A simple binary reversing problem it would seem. Lets look at this in hopper.
Hmm, this is a pretty long one. We have a few methods at the beginning which seem to be primarily handlers for syscalls. Then we have one really long method which contains a 33 case switch statement on $eax. Now, after spending some time looking at the behavior of this code we notice a few things.
- The switch statement is called repeatedly, without interruption.
- The code is moving things around in memory, but ounly to a few specific data addresses.
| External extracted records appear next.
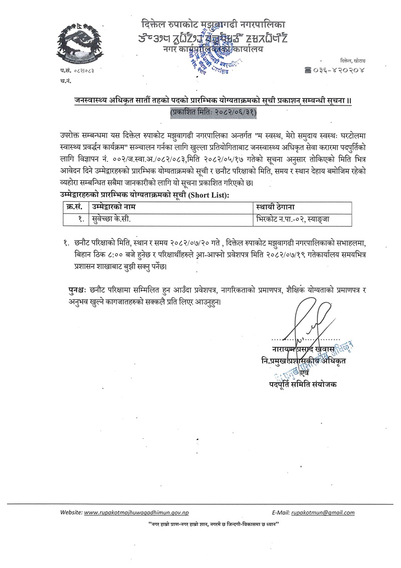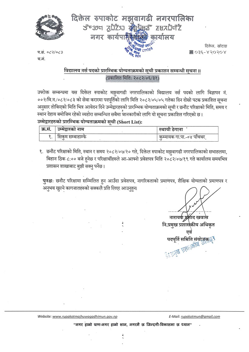 ई-मेल : rupakotmun@gmail.com; info@rupakotmajhuwagadhimun.gov.np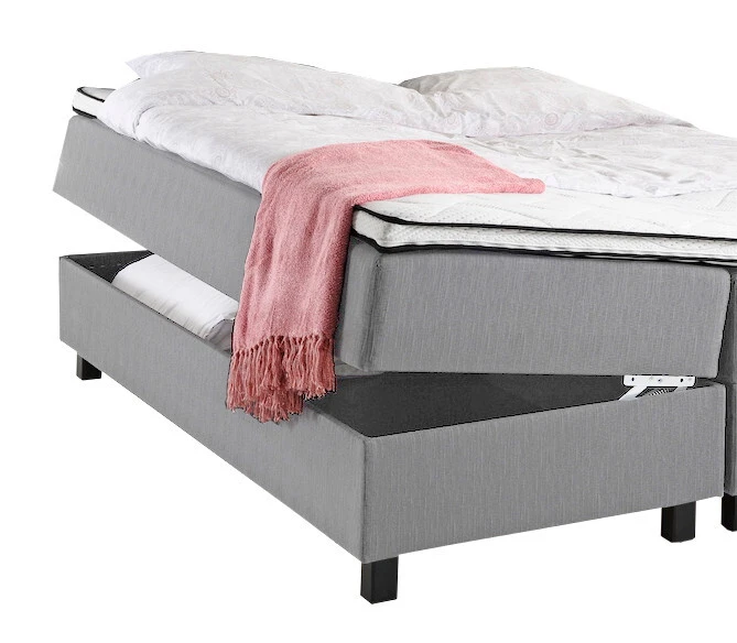 Laatikkosänky on verhoiltu korkealaatuisella Inari huonekalukankaalla. Voit valita värin kahdesta verhoiluväristä. Sängyn keskiosassa on allergiaystävällinen puuvillasekoitekangas tikatulla pehmytvanupäällisellä (60 g/m2).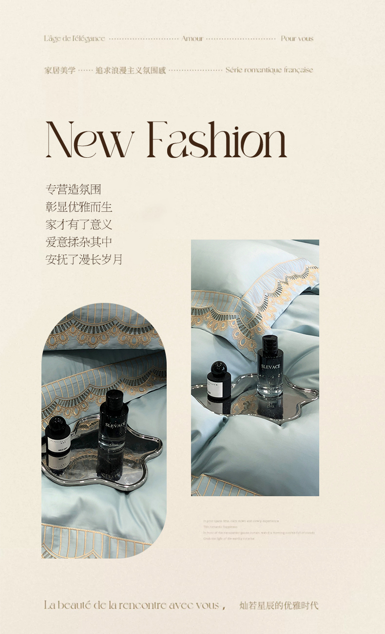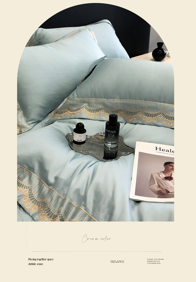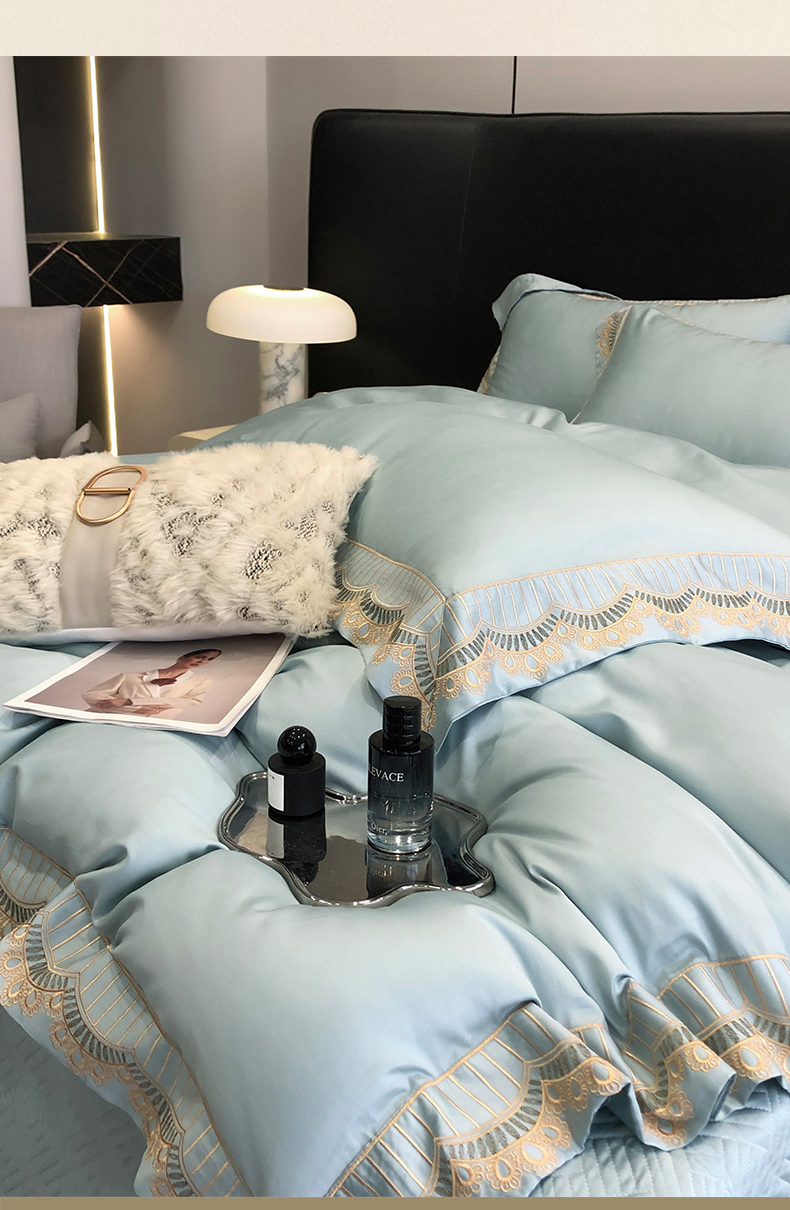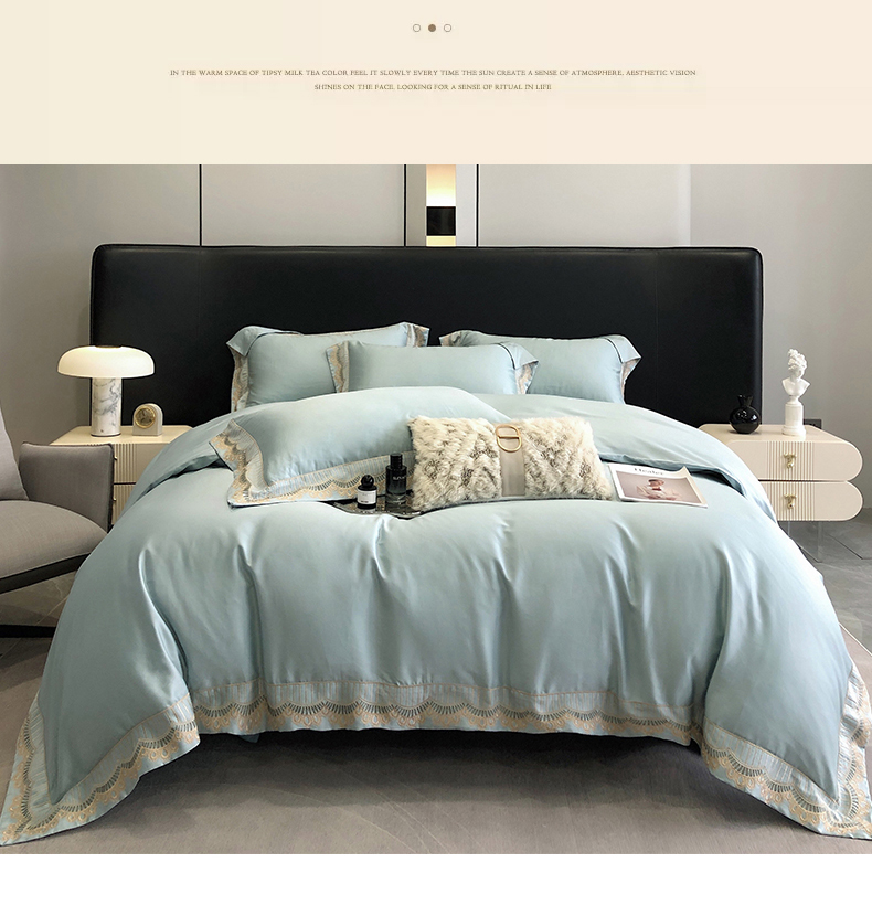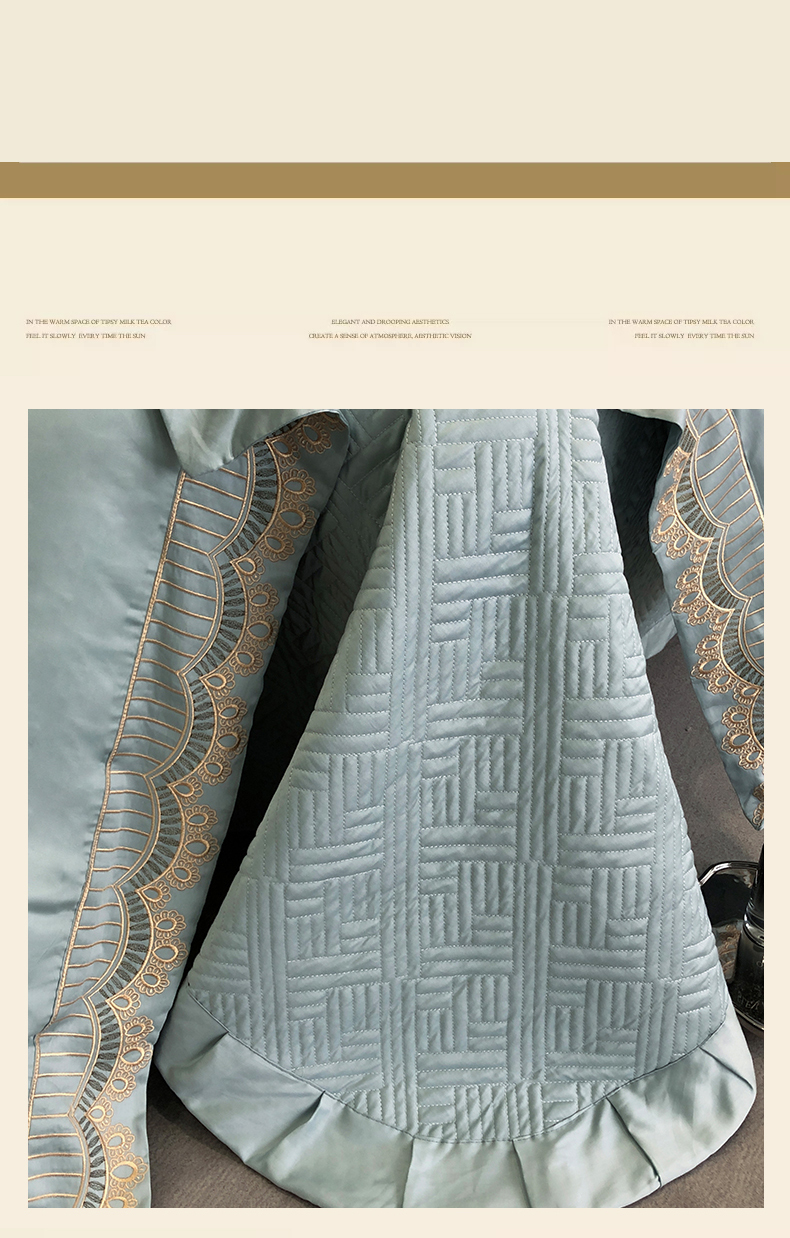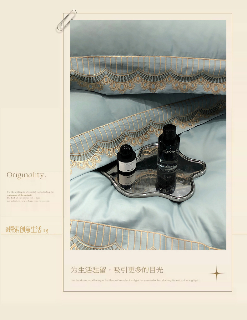 商品名称:保罗圣迪奥 120支长绒棉刺绣床盖款四件套 枫丹白露-冰点绿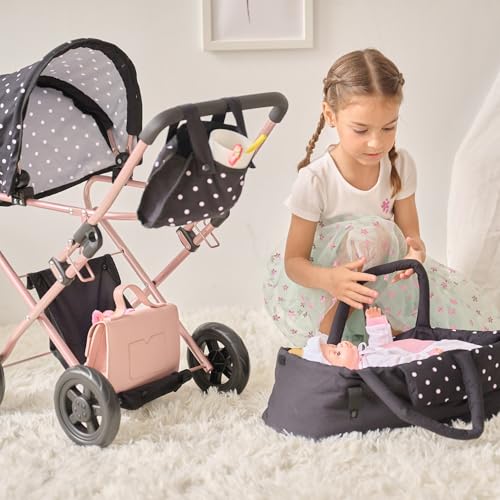 Teamson Kids Puppenwagen 2-in-1 Klassiker in Schwarz mit Zubehör, Puppenbuggy für Kinder Rollenspiele, stabil und wandelbar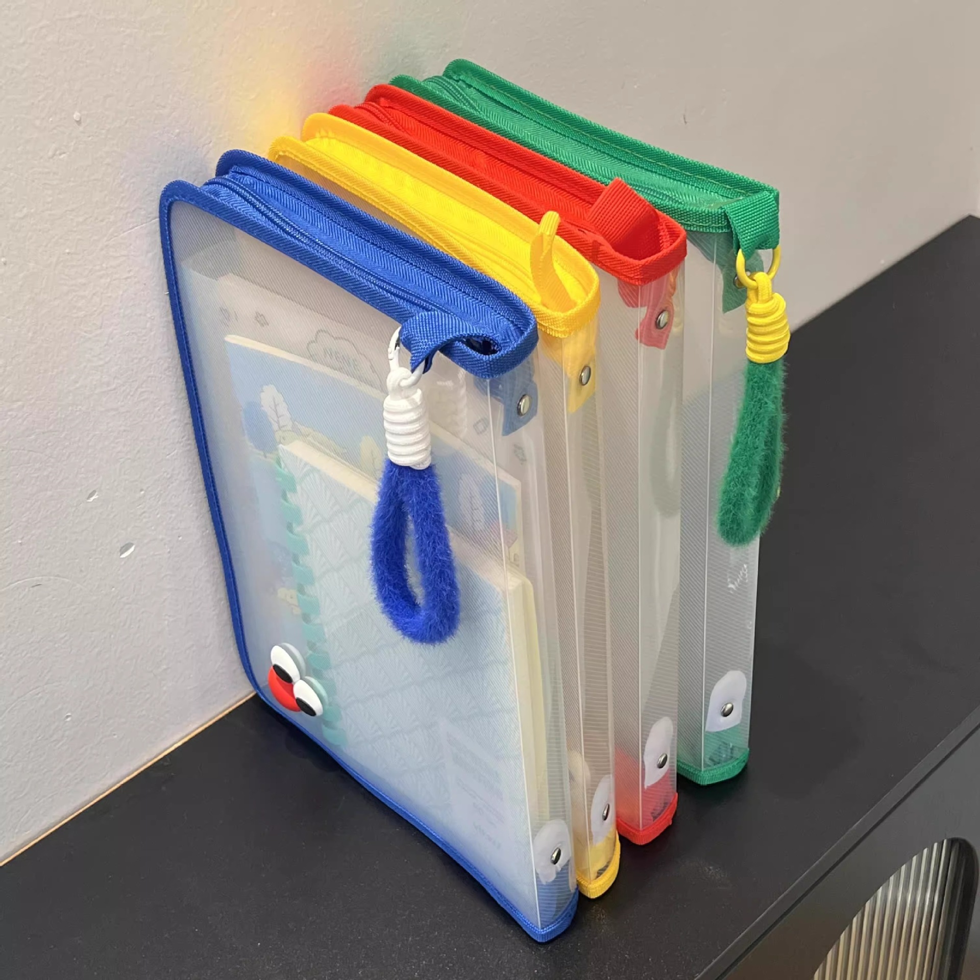 도파민 투명 A4 파일 가방 대용량 교과서 지퍼가 달린 학생 휴대용 두꺼운 방수 보관 가방
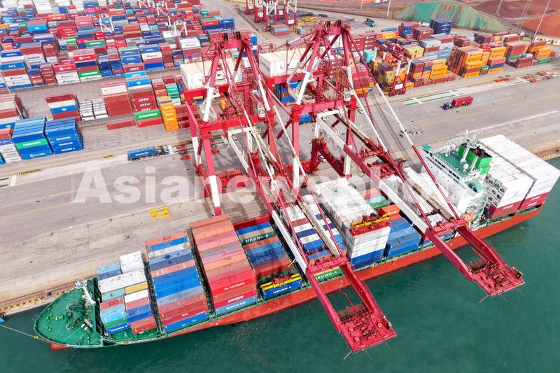 2025年3月24日,山东港口青岛港,货轮在装卸外贸集装箱。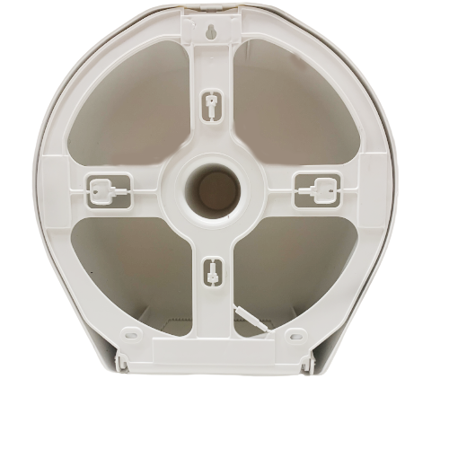 Suporte para papel higiênico da linha Mazzo, feito em plástico de baixa densidade e alta resistência, com sistema de travas laterais acionadas por pressão. Ideal para banheiros de alto fluxo de pessoas como em shoppings, escritórios e salas comerciais, indústrias, supermercados, clínicas, hospitais, bares e restaurantes.

- It takes many many interations for it to even print out the introduction.
While this may not be obvious for some people, after a while you realize that what we're looking at is virtual machine. In other words, this program is interpreting ANOTHER program, and those 33 cases are each operation codes, or opcodes, similarly to MOV, or PUSH, and AND are x86 opcodes.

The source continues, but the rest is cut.